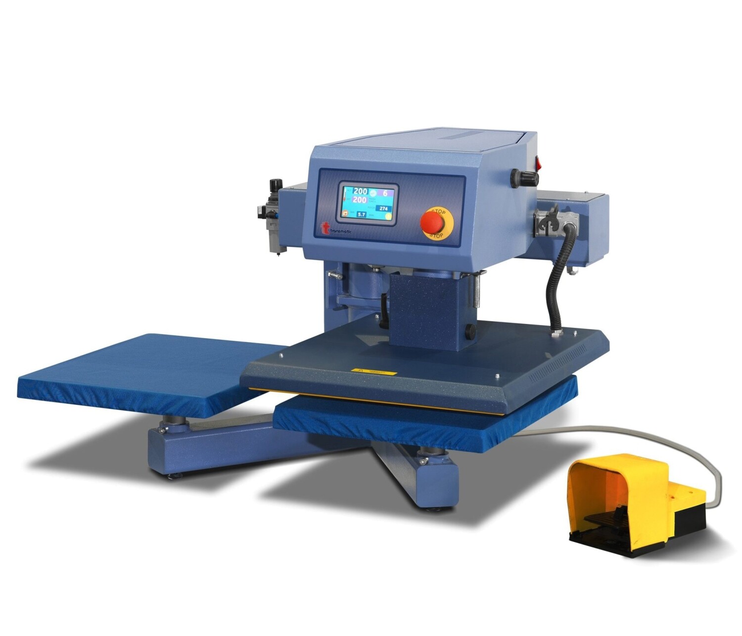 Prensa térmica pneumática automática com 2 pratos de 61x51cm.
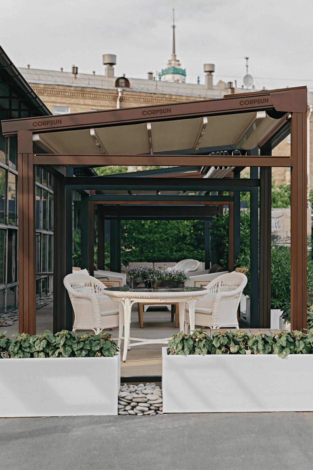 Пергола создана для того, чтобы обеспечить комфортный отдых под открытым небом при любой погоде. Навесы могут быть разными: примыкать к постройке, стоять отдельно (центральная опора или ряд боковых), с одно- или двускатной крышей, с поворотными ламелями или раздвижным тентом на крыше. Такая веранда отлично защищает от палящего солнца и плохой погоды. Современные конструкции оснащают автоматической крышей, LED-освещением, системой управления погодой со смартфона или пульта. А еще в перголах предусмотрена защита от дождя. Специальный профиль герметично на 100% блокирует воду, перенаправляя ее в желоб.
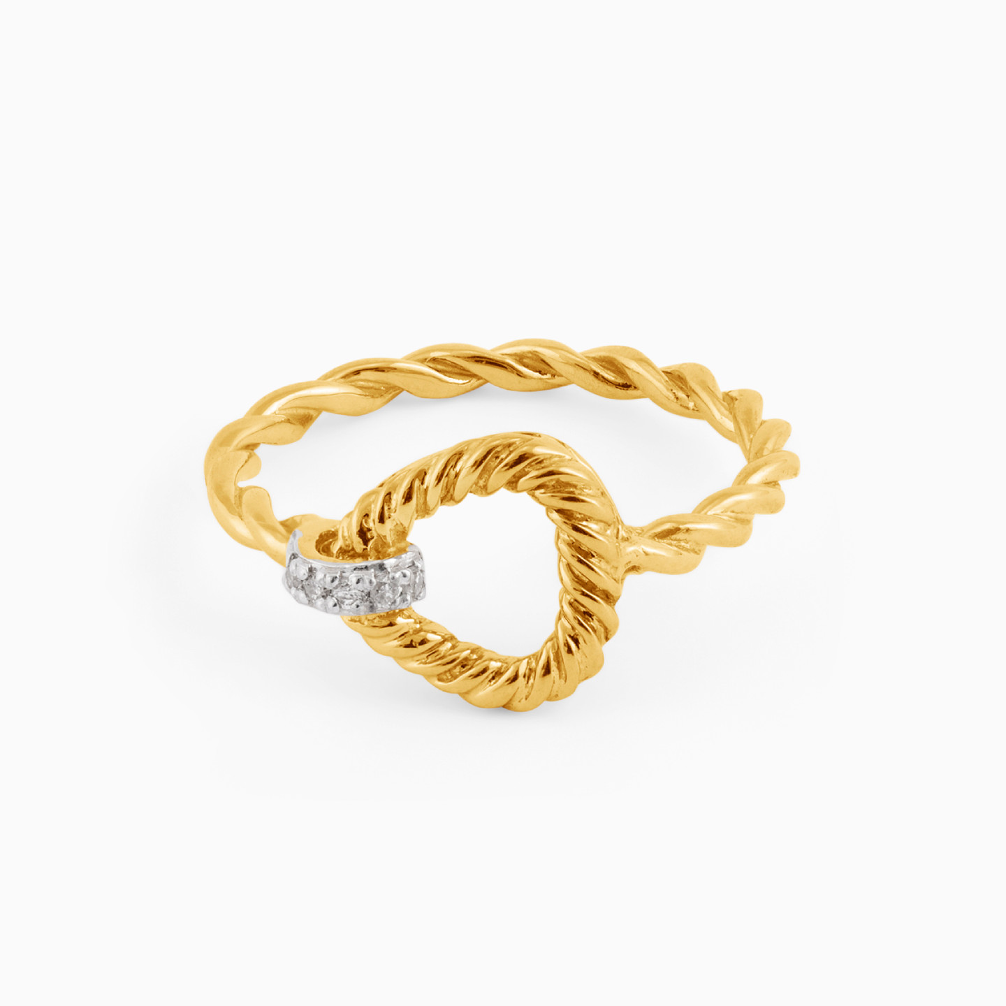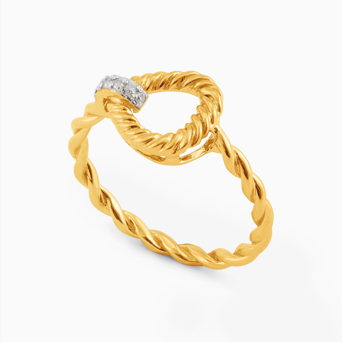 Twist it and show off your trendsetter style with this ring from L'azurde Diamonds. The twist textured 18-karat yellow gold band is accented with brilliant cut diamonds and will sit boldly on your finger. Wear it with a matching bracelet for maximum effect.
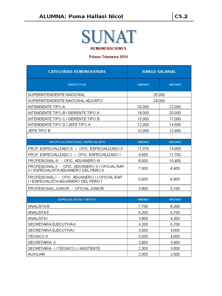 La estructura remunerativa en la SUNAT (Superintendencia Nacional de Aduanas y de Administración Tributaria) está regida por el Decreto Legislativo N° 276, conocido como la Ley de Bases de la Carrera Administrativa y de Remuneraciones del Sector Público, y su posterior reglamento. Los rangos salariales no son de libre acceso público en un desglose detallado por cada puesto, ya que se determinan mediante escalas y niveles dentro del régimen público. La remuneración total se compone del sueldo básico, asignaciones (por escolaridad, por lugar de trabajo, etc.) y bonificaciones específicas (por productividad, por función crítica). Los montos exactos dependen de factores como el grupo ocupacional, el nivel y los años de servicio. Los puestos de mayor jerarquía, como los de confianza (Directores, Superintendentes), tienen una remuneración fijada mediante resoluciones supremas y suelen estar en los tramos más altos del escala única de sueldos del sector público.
════════
All lines from the beginning of the material through the line that holds "Twist it and", both included, should be returned exactly; please omit any pictures and add no other lines.

• _Result_
 Prensa térmica pneumática automática com 2 pratos de 61x51cm.
 Пергола создана для того, чтобы обеспечить комфортный отдых под открытым небом при любой погоде. Навесы могут быть разными: примыкать к постройке, стоять отдельно (центральная опора или ряд боковых), с одно- или двускатной крышей, с поворотными ламелями или раздвижным тентом на крыше. Такая веранда отлично защищает от палящего солнца и плохой погоды. Современные конструкции оснащают автоматической крышей, LED-освещением, системой управления погодой со смартфона или пульта. А еще в перголах предусмотрена защита от дождя. Специальный профиль герметично на 100% блокирует воду, перенаправляя ее в желоб.
 Twist it and show off your trendsetter style with this ring from L'azurde Diamonds. The twist textured 18-karat yellow gold band is accented with brilliant cut diamonds and will sit boldly on your finger. Wear it with a matching bracelet for maximum effect.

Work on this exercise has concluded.